AIM OF THE TASK -
Each record is to be copied exactly, with its pictures left behind.

Saved data entries

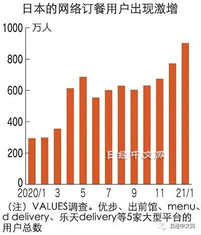 由于日本间断发布了紧急事态宣言等,外卖配送的需求正在增加。数据分析公司VALUES的统计显示,2020年1月仅为294万人的网上订餐用户到2021年1月增至902万人,膨胀至3倍。Uber Eats已进驻东京和大阪等33个都道府县,有望进一步扩大,将于年内在其它地区推出服务。
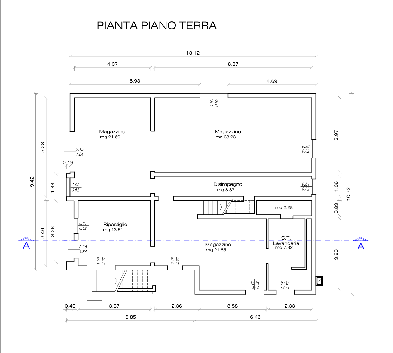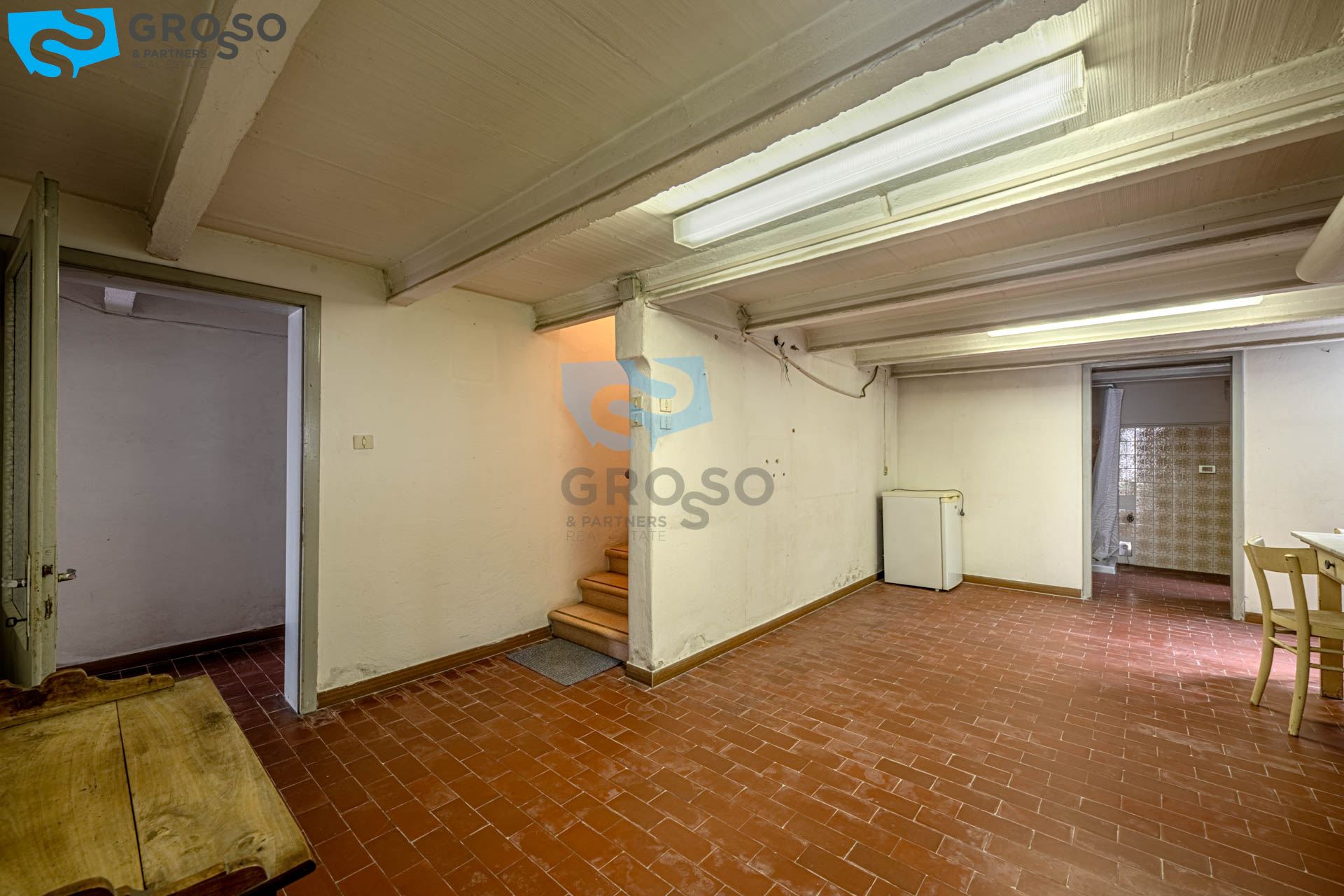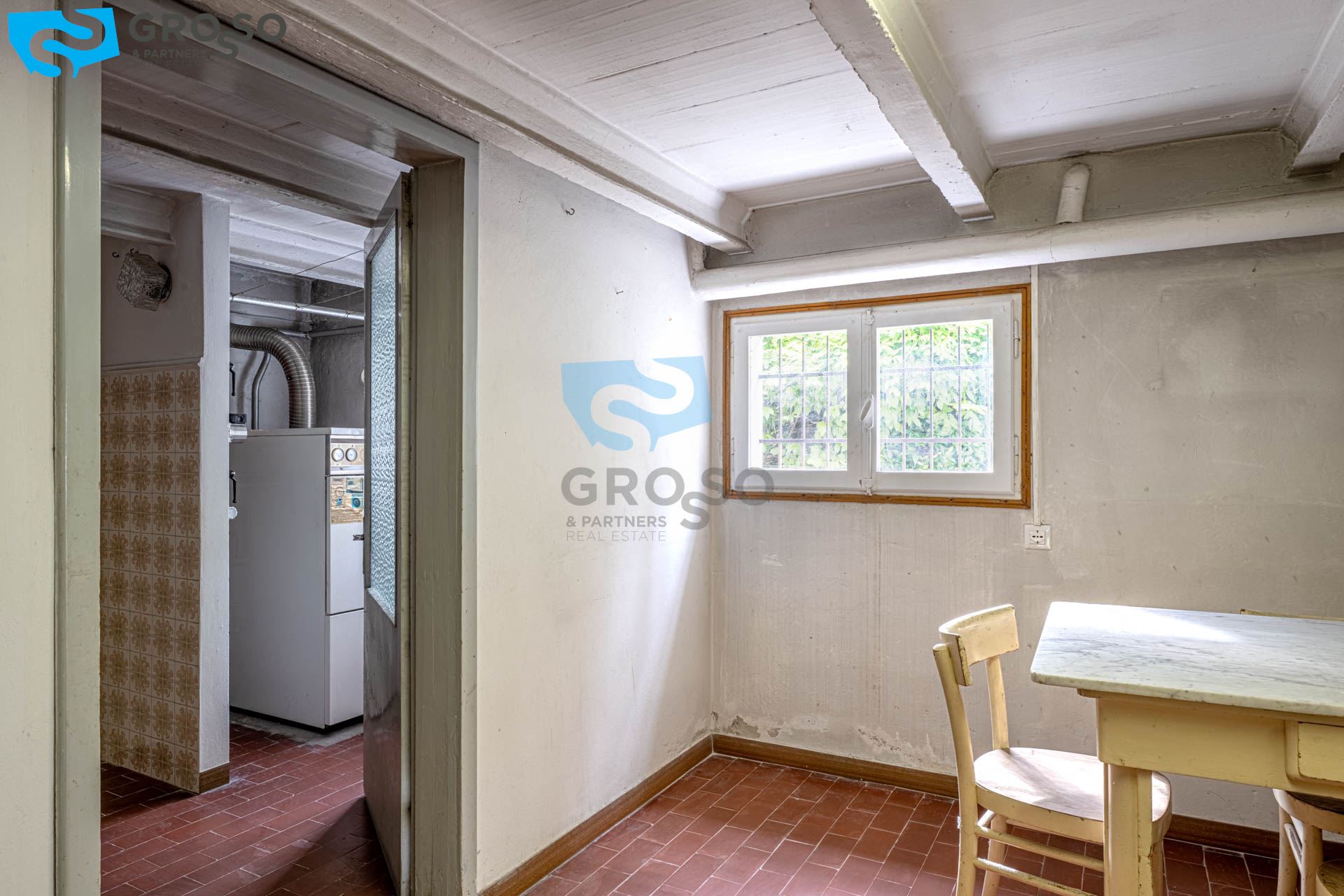 Al piano terra si trovano vari locali di servizio, tra cui magazzini, ripostigli, lavanderia, cantina e un ampio garage.
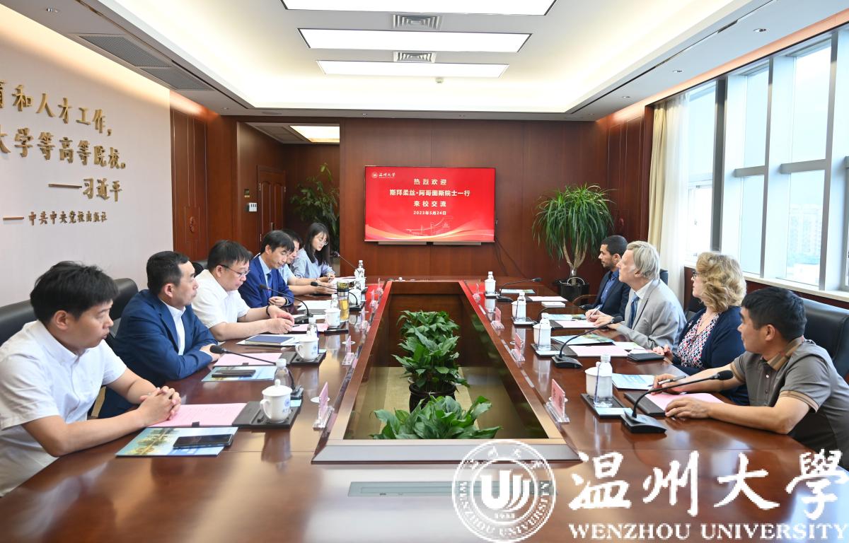 5月24日上午,欧洲科公司院士斯皮罗斯∙阿格忒斯教授(Spiros Agathos)一行来校访问,并在行政楼910会议室举行交流座谈会。永利集团官网董事长赵敏、欧洲科公司院士斯皮罗斯∙阿格忒斯、阿尔及利亚乌姆布瓦济大学副董事长萨米尔∙格拉玛(Samir Grama),国际交流与合作处、yl永利集团官网登录相关负责人及教师代表参加会议。
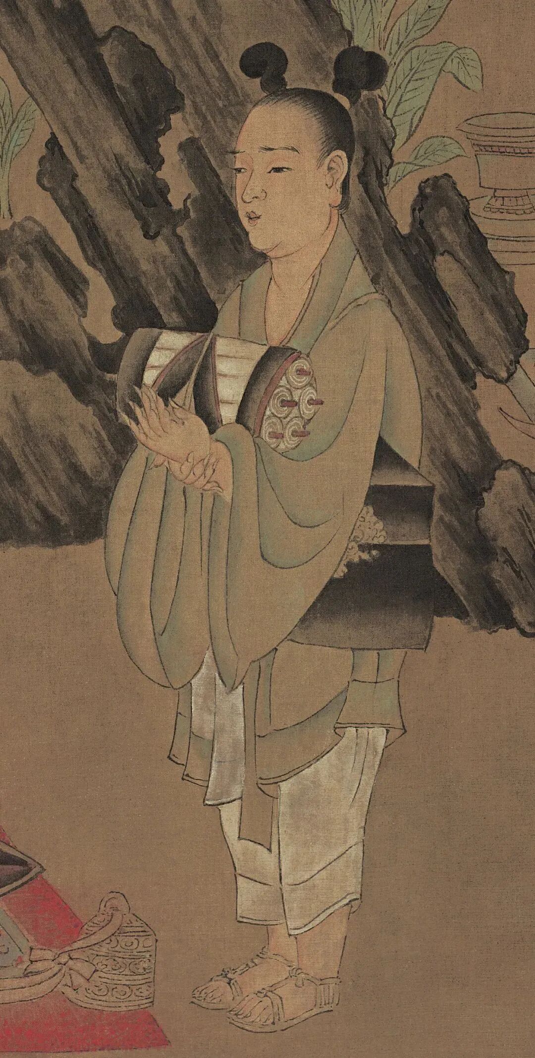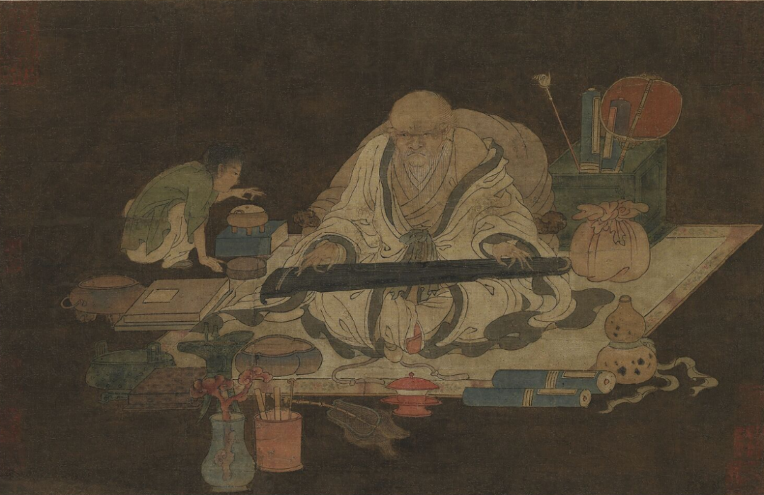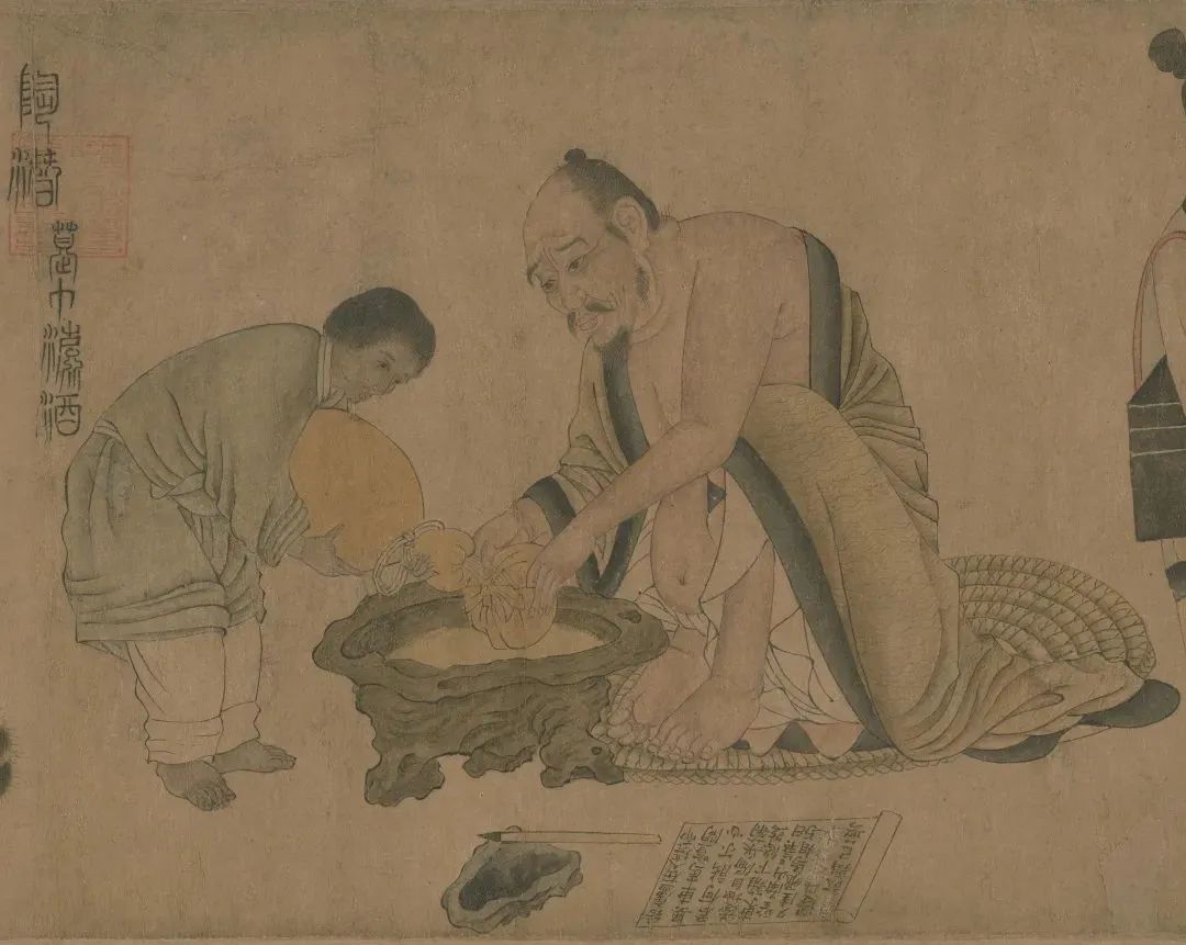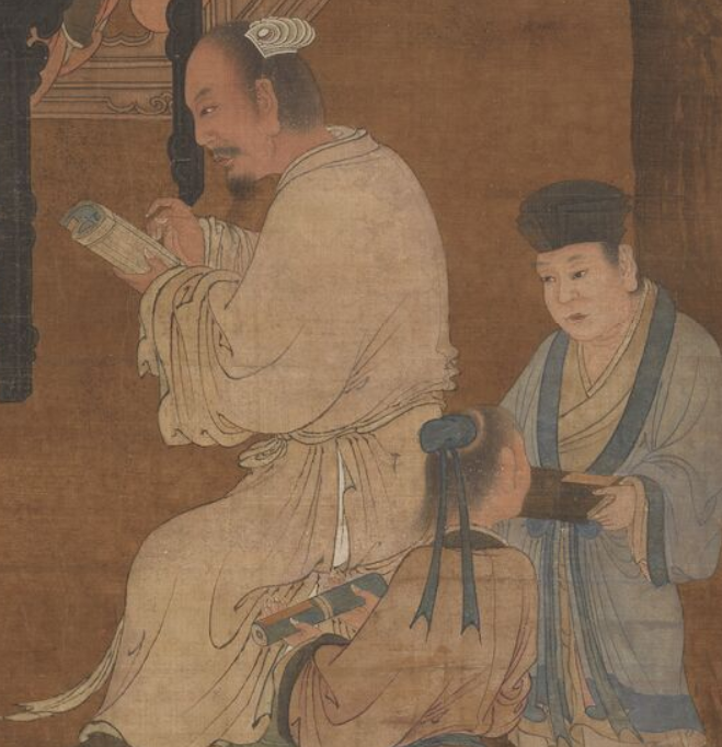 首先,什么是古籍?一般而言,古籍是指成书于1912年以前,具有中国古典装帧形式的书籍。古籍装订,便是将写就或印刷后的书籍的单页,用不同的方式连接起来,成为书或册,以供阅读。根据书籍材料、用途的不同,古籍装订的形式也不同。卷轴装,又称卷子装,早在公元前五世纪就已出现,盛行于隋唐时期。唐代韩愈《送诸葛亮觉往随州读书》诗称:“邺侯家多书,插架三万轴,一一悬牙签,新若手未触。”可见,当时卷轴装十分流行。在印刷术发明之前,古人们主要将文章写在缣帛(丝绸织物)或者纸张上。所谓的卷轴装,就是将每一页书写好的帛或纸,按顺序粘在长卷上。唐 陆曜《六逸图》中一人正在卷轴上书写,一旁放着笔砚故宫博物院藏
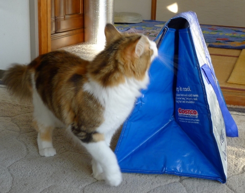 買い物袋なのに、すぐに入りたがる ふたをしたら袋は三角形、光の差し込みも三角形
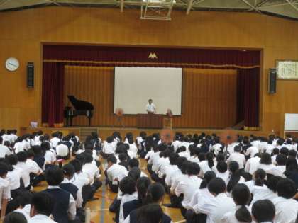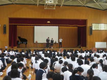 1学期終業式の様子です。暑い中、集中して校長先生の話を聞くみんなの姿がありました。また、新制服についても話がありました。
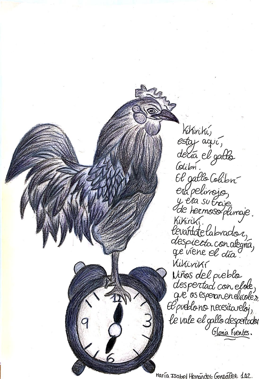Por otro lado la ganadora del apartado del Concurso de Ilustraciones de Poemas Gloria Fuerte ha sido María Isabel Hernández González 1ºA2. A continuación su ilustración ganadora (pincha sobre ella para verla con mayor nitidez).
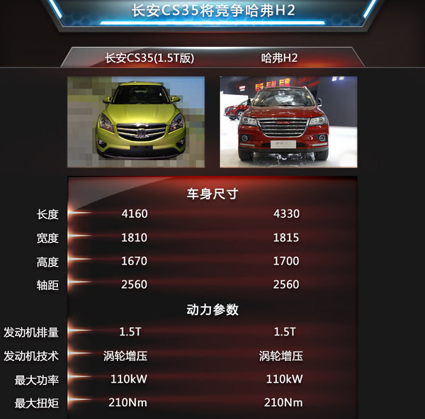 哈弗品牌小型SUV——H2已經(jīng)正式上市。作為目前國內(nèi)SUV的領(lǐng)軍人物,哈弗此前推出的H5、H6都有不錯的銷量,H2上市后勢必將對長安CS35產(chǎn)生沖擊。長安CS35此次推出1.5T車型將與其直面競爭。巧合的是哈弗H2和長安CS35軸距相同,所搭載的1.5T動力參數(shù)也完全相同。
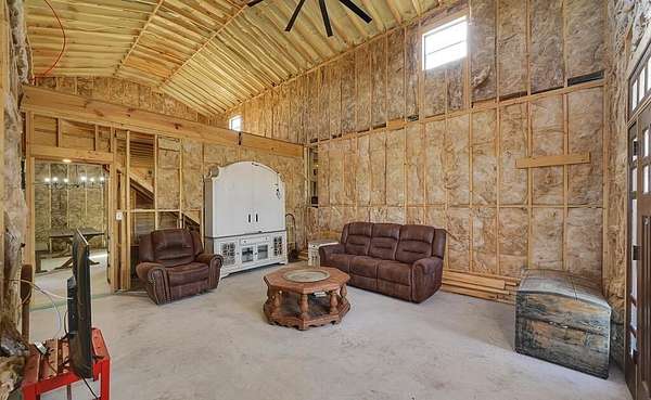 Discover this exceptional 2025-built barndominium offering endless possibilities on a private, fully fenced property. This home features unfinished interior space, ready for your personal touches and custom finishes. The thoughtful design includes a spacious upstairs loft with potential to accommodate two additional bedrooms, maximizing your living options.
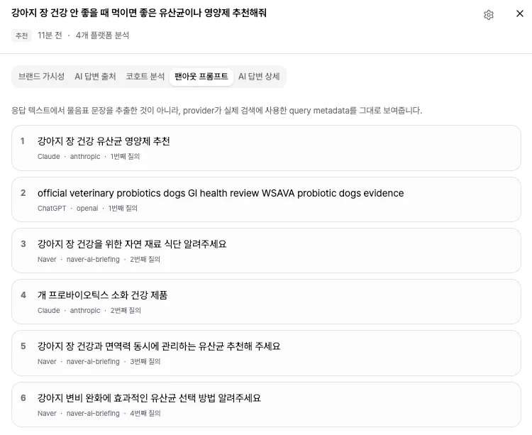 리드젠랩이 개발한 AI 답변 최적화 자동화 툴에서는 각 LLM이 프롬프트별로 쿼리 팬아웃을 어떻게 하는지를 모두 트래킹할 수 있습니다.

SOLUTION -
 由于日本间断发布了紧急事态宣言等,外卖配送的需求正在增加。数据分析公司VALUES的统计显示,2020年1月仅为294万人的网上订餐用户到2021年1月增至902万人,膨胀至3倍。Uber Eats已进驻东京和大阪等33个都道府县,有望进一步扩大,将于年内在其它地区推出服务。
 Al piano terra si trovano vari locali di servizio, tra cui magazzini, ripostigli, lavanderia, cantina e un ampio garage.
 5月24日上午,欧洲科公司院士斯皮罗斯∙阿格忒斯教授(Spiros Agathos)一行来校访问,并在行政楼910会议室举行交流座谈会。永利集团官网董事长赵敏、欧洲科公司院士斯皮罗斯∙阿格忒斯、阿尔及利亚乌姆布瓦济大学副董事长萨米尔∙格拉玛(Samir Grama),国际交流与合作处、yl永利集团官网登录相关负责人及教师代表参加会议。
 首先,什么是古籍?一般而言,古籍是指成书于1912年以前,具有中国古典装帧形式的书籍。古籍装订,便是将写就或印刷后的书籍的单页,用不同的方式连接起来,成为书或册,以供阅读。根据书籍材料、用途的不同,古籍装订的形式也不同。卷轴装,又称卷子装,早在公元前五世纪就已出现,盛行于隋唐时期。唐代韩愈《送诸葛亮觉往随州读书》诗称:“邺侯家多书,插架三万轴,一一悬牙签,新若手未触。”可见,当时卷轴装十分流行。在印刷术发明之前,古人们主要将文章写在缣帛(丝绸织物)或者纸张上。所谓的卷轴装,就是将每一页书写好的帛或纸,按顺序粘在长卷上。唐 陆曜《六逸图》中一人正在卷轴上书写,一旁放着笔砚故宫博物院藏
 買い物袋なのに、すぐに入りたがる ふたをしたら袋は三角形、光の差し込みも三角形
 1学期終業式の様子です。暑い中、集中して校長先生の話を聞くみんなの姿がありました。また、新制服についても話がありました。
Por otro lado la ganadora del apartado del Concurso de Ilustraciones de Poemas Gloria Fuerte ha sido María Isabel Hernández González 1ºA2. A continuación su ilustración ganadora (pincha sobre ella para verla con mayor nitidez).
 哈弗品牌小型SUV——H2已經(jīng)正式上市。作為目前國內(nèi)SUV的領(lǐng)軍人物,哈弗此前推出的H5、H6都有不錯的銷量,H2上市后勢必將對長安CS35產(chǎn)生沖擊。長安CS35此次推出1.5T車型將與其直面競爭。巧合的是哈弗H2和長安CS35軸距相同,所搭載的1.5T動力參數(shù)也完全相同。
 Discover this exceptional 2025-built barndominium offering endless possibilities on a private, fully fenced property. This home features unfinished interior space, ready for your personal touches and custom finishes. The thoughtful design includes a spacious upstairs loft with potential to accommodate two additional bedrooms, maximizing your living options.
 리드젠랩이 개발한 AI 답변 최적화 자동화 툴에서는 각 LLM이 프롬프트별로 쿼리 팬아웃을 어떻게 하는지를 모두 트래킹할 수 있습니다.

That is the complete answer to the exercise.